Future generations may see in the battle on the Ergene River one of the decisive battles of the world and in the war which is drawing to its end a milestone on the road of the world's history. The Turkish War has closed the European career of one of the most successful and most dreaded conquering nations. Only a comparatively short time ago during the rule of Charles the Second and Louis the Fourteenth and during the lifetime of Peter the Great, Prince Eugene, the great Duke of Marlborough, Sir Isaac Newton and William Penn-the Turks held the Continent of Europe in awe, and besieged Vienna. To-day their rule in Europe is a thing of the past, and it is doubtful whether they will be able to keep even their Asiatic possessions. Turkey's downfall is significant not only to those who reflect upon the past but also to those who look into the future; for it may completely alter the very foundation of modern statecraft and of modern political organization. In consequence of Turkey's defeat the balance of power in Europe, which is the very foundation of its political, social and economic life, has begun to change, and no one can foresee the ultimate consequences of that change to Europe and to the world.

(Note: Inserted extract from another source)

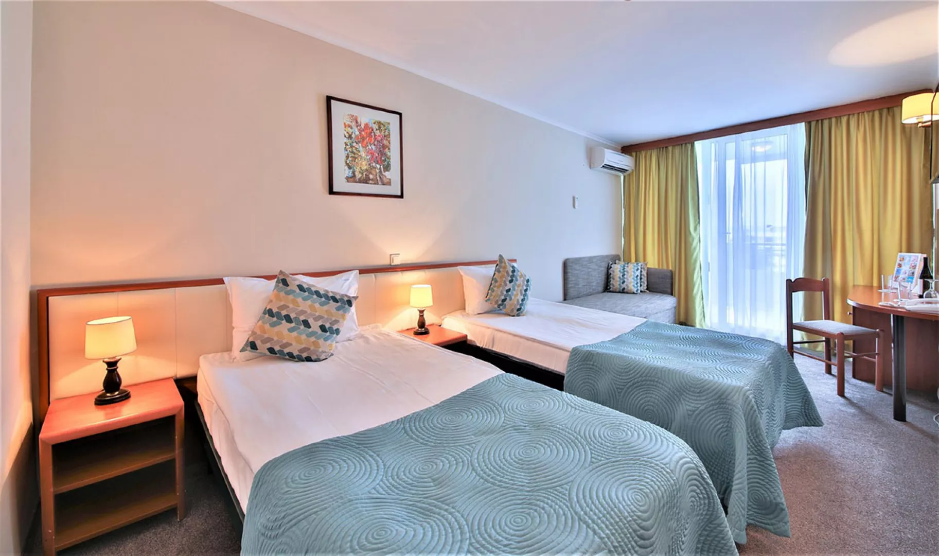 klimatizácia, rádio, SAT-TV, chladnička (za poplatok), balkón, trezor (na
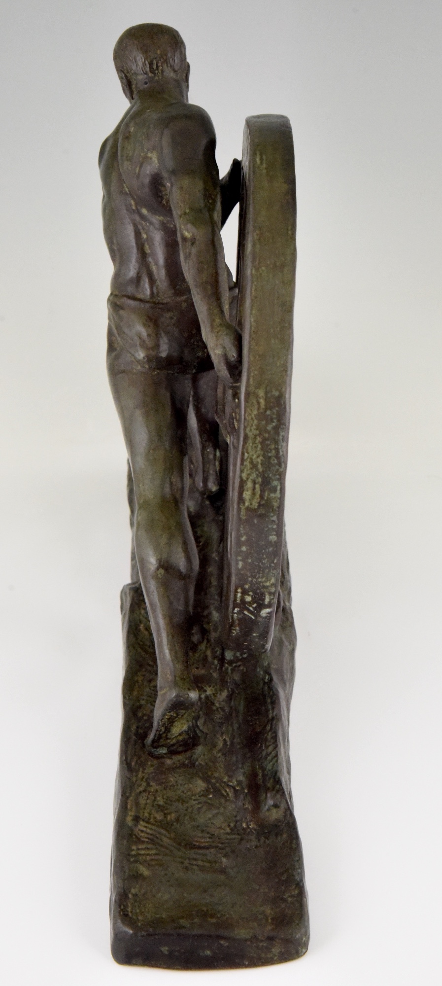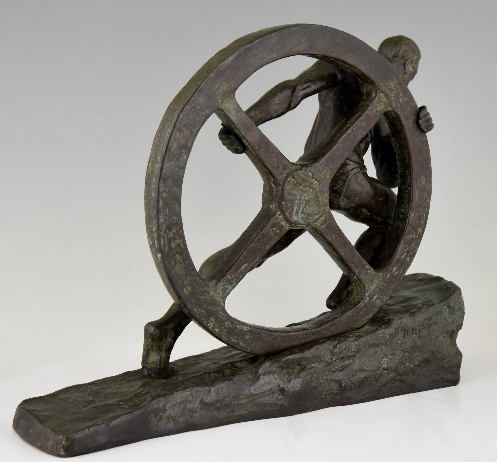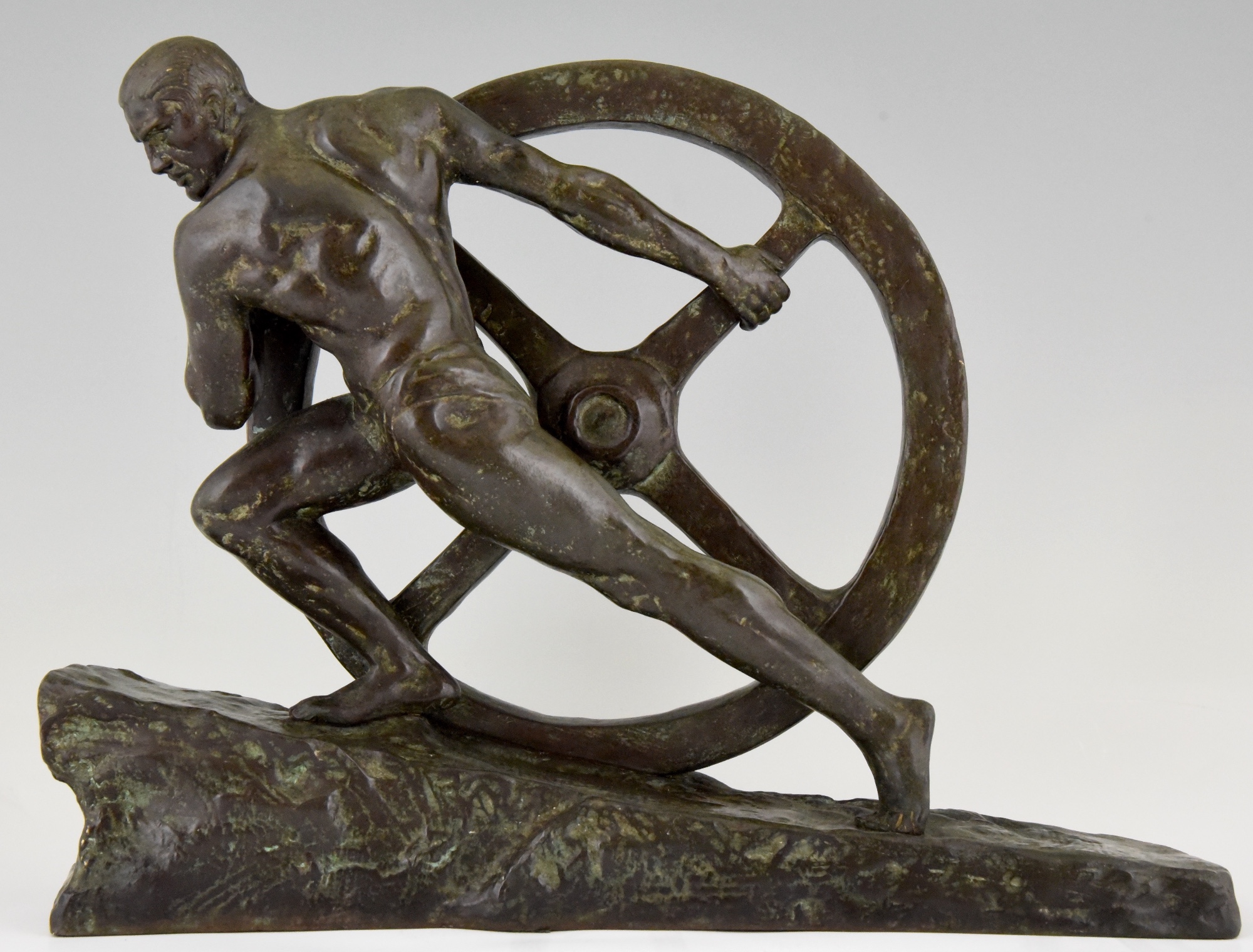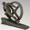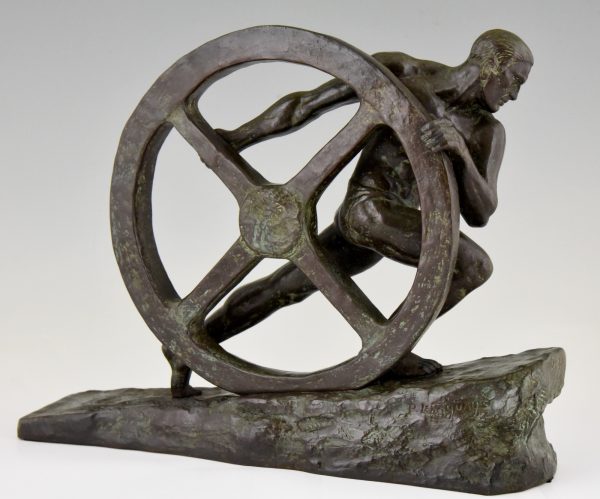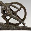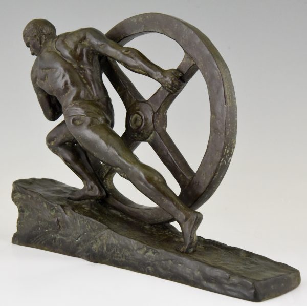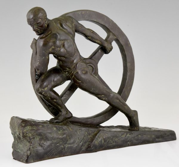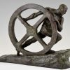 Art Deco bronze sculpture homme nu à la roue

The policy of maintaining an equilibrium among States is as old as is civilization. It was constantly practised by the civilized States of antiquity. The balance of power is a device for preserving peace among States. It is a device for restraining any single State from becoming so powerful that it can without great risk make war upon other States and destroy the independence of its neighbors. The security of Great Britain and the peace of Europe depends very

largely upon the maintenance of the balance of power on the Continent. Its necessity was well summarized by Frederick the Great in his Anti-Machiavel in the following words:

The tranquillity of Europe rests principally upon the wise maintenance of the balance of power by which the superior strength of one State is made harmless by the countervailing weight of several States united among themselves. In case this equilibrium should disappear, it is to be feared that a universal revolution will be the result, and that an enormous new monarchy will be established upon the ruins of those States which were too weak for individual resistance and which lacked the necessary spirit to unite in time. If Egypt, Syria, and Macedonia had combined against the Roman Power, they would not have been overthrown. A wisely framed alliance and an energetic war would have preserved the ancient world from the chains of a universal despotism.

It should be remembered that the greatest wars which Europe has witnessed were brought about by the attempts of ambitious rulers or nations to destroy the balance of power in order to establish their predominance in Europe. The attempts of Charles the Fifth, Philip the Second, Louis the Fourteenth, and Napoleon the First to obtain the mastery of Europe devastated the Continent and forced Great Britain to interfere for the sake of her own security.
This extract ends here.